### [Work required]
Everything from the opening line of the records below up to and including the line containing "EVG protestiert gegen" should be retyped exactly, minus the pictures.

### [Data records]

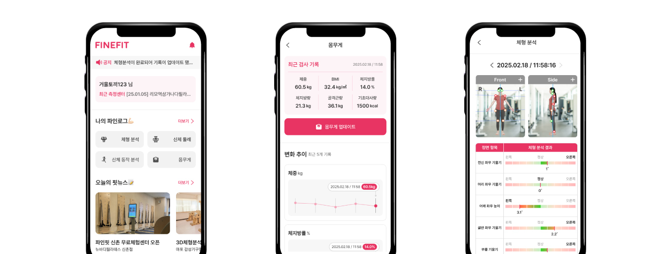 체형·모션·체중 결과 통합 확인 + 건강관리 플랜 제공
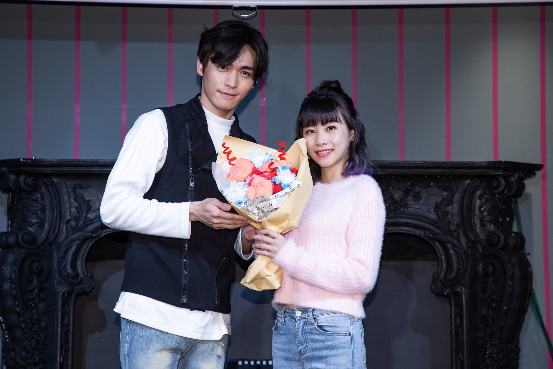 記者會現場,王振諾被窩情人,也貼心準備了情人節禮物給路路,是自己親手做的草莓口味發糕花束,謝謝她願意來幫我站台。路路說:我已經十年沒有收過花了,覺得送花比較不實際,幸好他送的是能吃的發糕,我今晚就會吃掉。
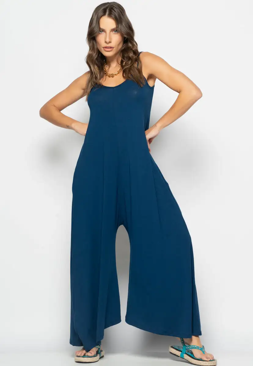 Macacão Alcinha Pantalona Malha Marinho Salvatore
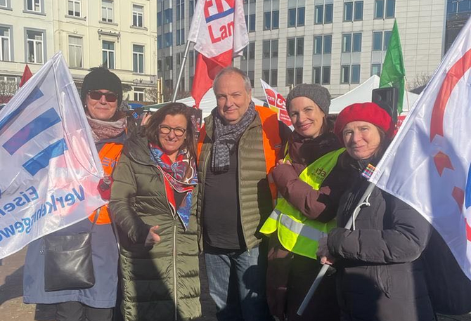 EVG protestiert gegen Intransparenz: Gemeinsam mit unserem europäischen Dachverband der ETF wenden wir uns gegen das Vorhaben der EU-Kommission, den Schienenverkehrsmarkt durch die Hintertür noch weiter zu liberalisieren. Am Dienstag haben wir daher in Brüssel gegen die neuen „Auslegungsleitlinien“ zur Verkehrsverordnung PSO protestiert.
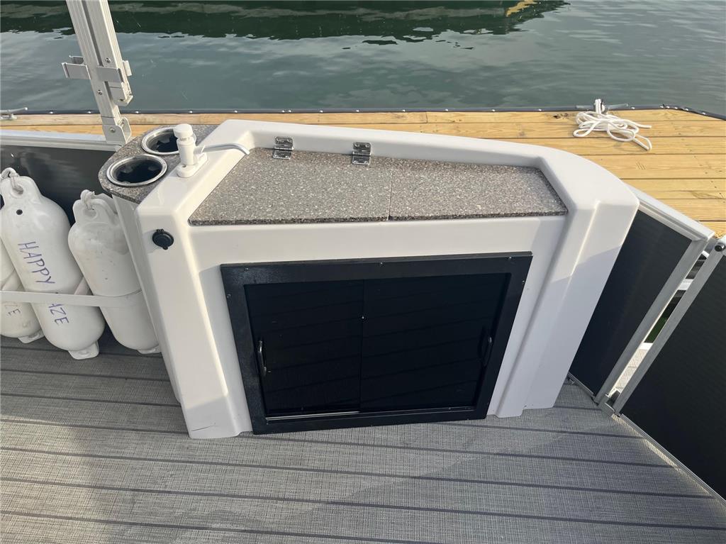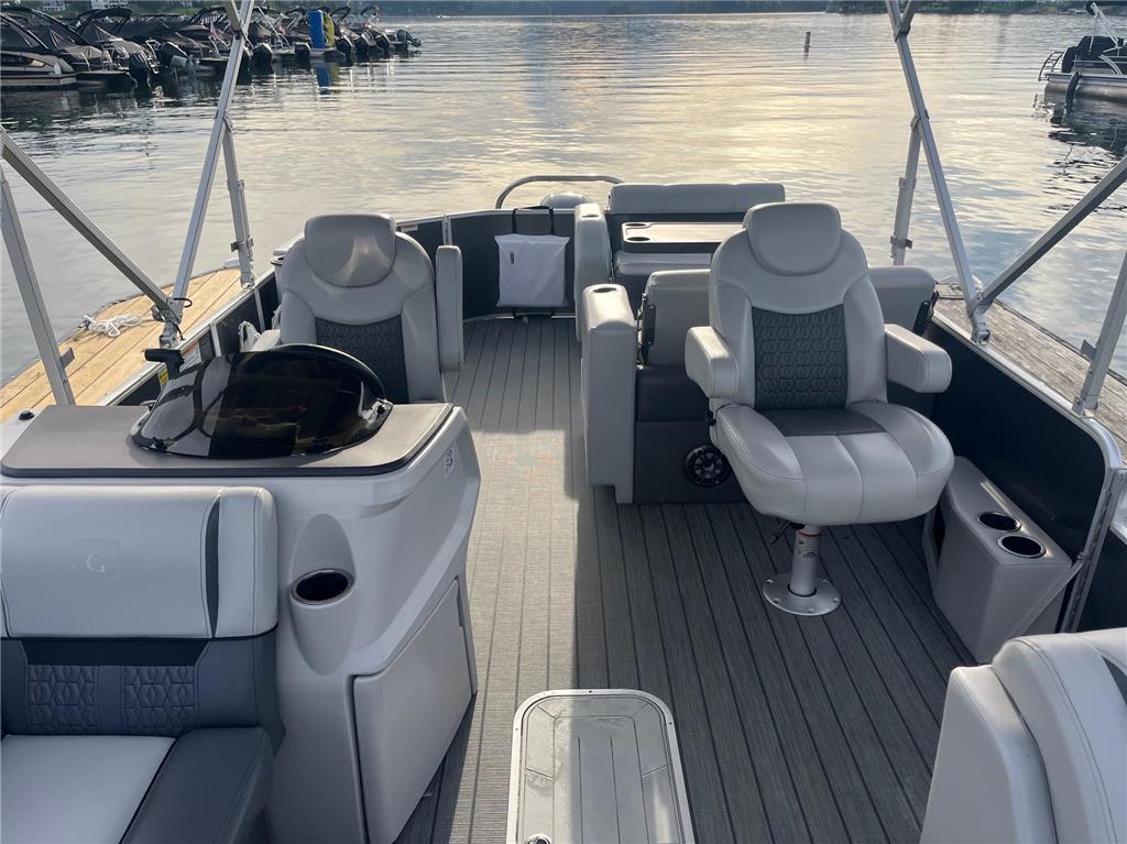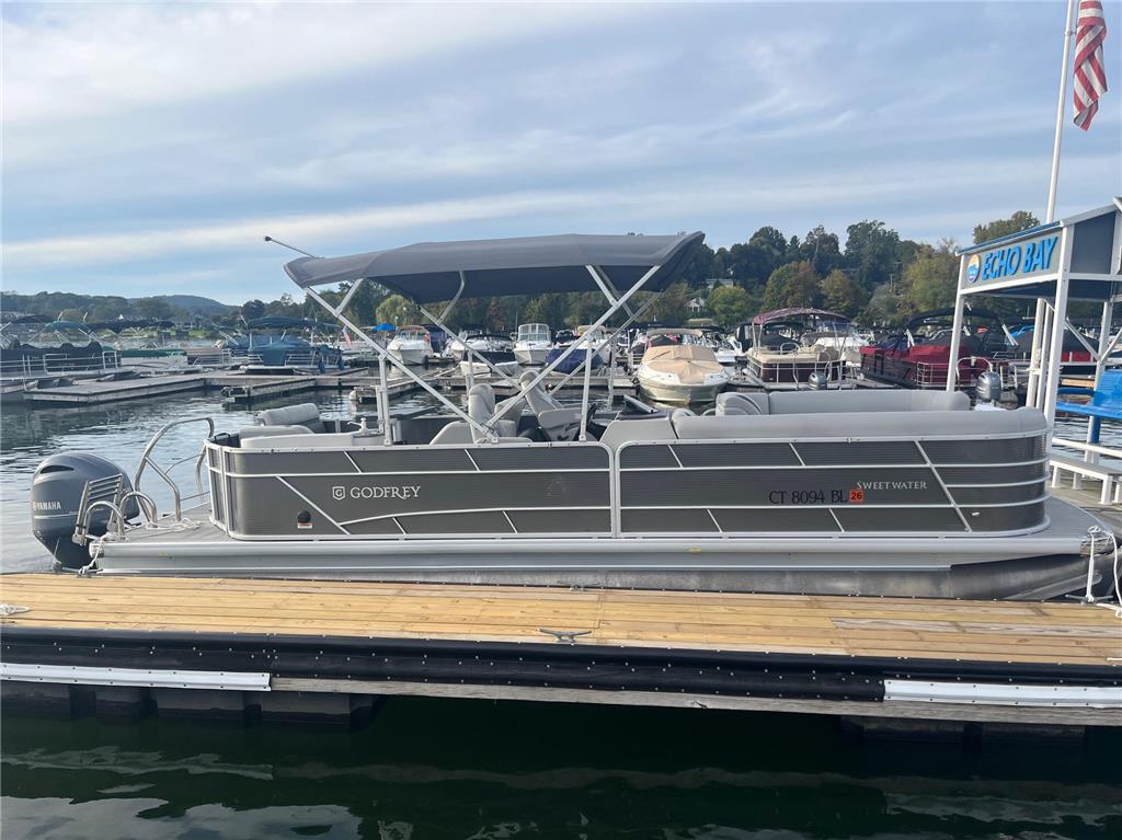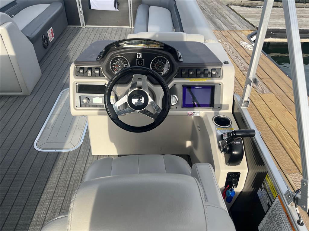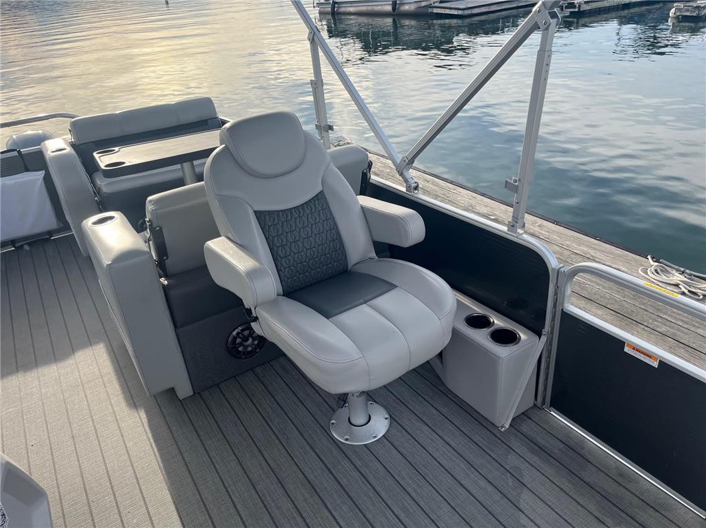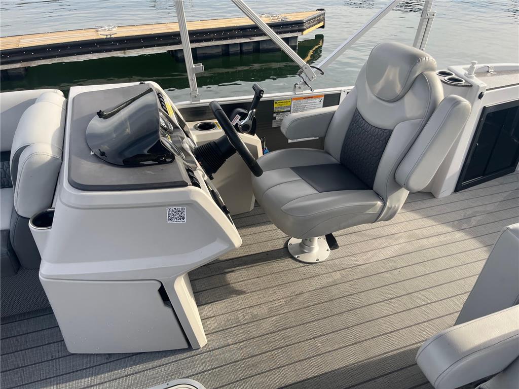 2023 Sweetwater 2486DT with only 300 hours on the Yamaha F150 outboard! This Sweetwater is loaded with options and includes the GTP 27" triple tube package, ski locker, ski tow bar, upgraded steering wheel, LED docking lights, windscreen, phone charger, Fusion color cast stereo upgrade, SeaStar hydraulic steering, Simrad GO7 chartplotter, co-captain's chair with storage box and cupholders, upgraded lunar luxe gray upholstery with quilting, wicker seat bases, upgraded harbor gray seagrass flooring, stainless steel pull-up cleats, and more! Rental equipment will be removed prior to sale.

### [Response area]
 체형·모션·체중 결과 통합 확인 + 건강관리 플랜 제공
 記者會現場,王振諾被窩情人,也貼心準備了情人節禮物給路路,是自己親手做的草莓口味發糕花束,謝謝她願意來幫我站台。路路說:我已經十年沒有收過花了,覺得送花比較不實際,幸好他送的是能吃的發糕,我今晚就會吃掉。
 Macacão Alcinha Pantalona Malha Marinho Salvatore
 EVG protestiert gegen Intransparenz: Gemeinsam mit unserem europäischen Dachverband der ETF wenden wir uns gegen das Vorhaben der EU-Kommission, den Schienenverkehrsmarkt durch die Hintertür noch weiter zu liberalisieren. Am Dienstag haben wir daher in Brüssel gegen die neuen „Auslegungsleitlinien“ zur Verkehrsverordnung PSO protestiert.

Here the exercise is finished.